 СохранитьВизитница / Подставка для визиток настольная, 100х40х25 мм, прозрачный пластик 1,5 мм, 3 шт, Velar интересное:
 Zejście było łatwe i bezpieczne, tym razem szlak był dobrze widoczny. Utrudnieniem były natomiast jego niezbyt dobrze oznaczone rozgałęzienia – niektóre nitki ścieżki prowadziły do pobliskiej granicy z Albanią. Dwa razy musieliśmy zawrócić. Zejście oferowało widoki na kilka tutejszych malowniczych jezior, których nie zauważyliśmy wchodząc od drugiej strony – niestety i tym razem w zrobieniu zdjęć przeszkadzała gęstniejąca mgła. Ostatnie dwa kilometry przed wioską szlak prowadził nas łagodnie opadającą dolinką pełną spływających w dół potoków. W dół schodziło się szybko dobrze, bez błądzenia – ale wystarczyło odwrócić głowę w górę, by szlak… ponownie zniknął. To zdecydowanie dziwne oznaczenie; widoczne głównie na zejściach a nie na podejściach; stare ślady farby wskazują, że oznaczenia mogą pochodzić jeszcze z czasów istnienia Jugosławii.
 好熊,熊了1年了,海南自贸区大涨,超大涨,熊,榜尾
* * *
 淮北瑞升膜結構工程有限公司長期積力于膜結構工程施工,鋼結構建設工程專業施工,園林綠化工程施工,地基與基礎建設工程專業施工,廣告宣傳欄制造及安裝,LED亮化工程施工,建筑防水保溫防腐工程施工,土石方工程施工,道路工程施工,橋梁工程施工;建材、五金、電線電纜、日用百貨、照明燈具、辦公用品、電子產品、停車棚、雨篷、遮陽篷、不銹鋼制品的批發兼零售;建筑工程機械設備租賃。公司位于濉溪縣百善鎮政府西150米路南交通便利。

Activity ::
Beginning at the line above that contains "СохранитьВизитница / Подставка", return each line exactly through the line that contains "好熊,熊了1年了,海南自贸区大涨,超大涨,熊,榜尾", and no others.

Answer space ::
 СохранитьВизитница / Подставка для визиток настольная, 100х40х25 мм, прозрачный пластик 1,5 мм, 3 шт, Velar интересное:
 Zejście było łatwe i bezpieczne, tym razem szlak był dobrze widoczny. Utrudnieniem były natomiast jego niezbyt dobrze oznaczone rozgałęzienia – niektóre nitki ścieżki prowadziły do pobliskiej granicy z Albanią. Dwa razy musieliśmy zawrócić. Zejście oferowało widoki na kilka tutejszych malowniczych jezior, których nie zauważyliśmy wchodząc od drugiej strony – niestety i tym razem w zrobieniu zdjęć przeszkadzała gęstniejąca mgła. Ostatnie dwa kilometry przed wioską szlak prowadził nas łagodnie opadającą dolinką pełną spływających w dół potoków. W dół schodziło się szybko dobrze, bez błądzenia – ale wystarczyło odwrócić głowę w górę, by szlak… ponownie zniknął. To zdecydowanie dziwne oznaczenie; widoczne głównie na zejściach a nie na podejściach; stare ślady farby wskazują, że oznaczenia mogą pochodzić jeszcze z czasów istnienia Jugosławii.
 好熊,熊了1年了,海南自贸区大涨,超大涨,熊,榜尾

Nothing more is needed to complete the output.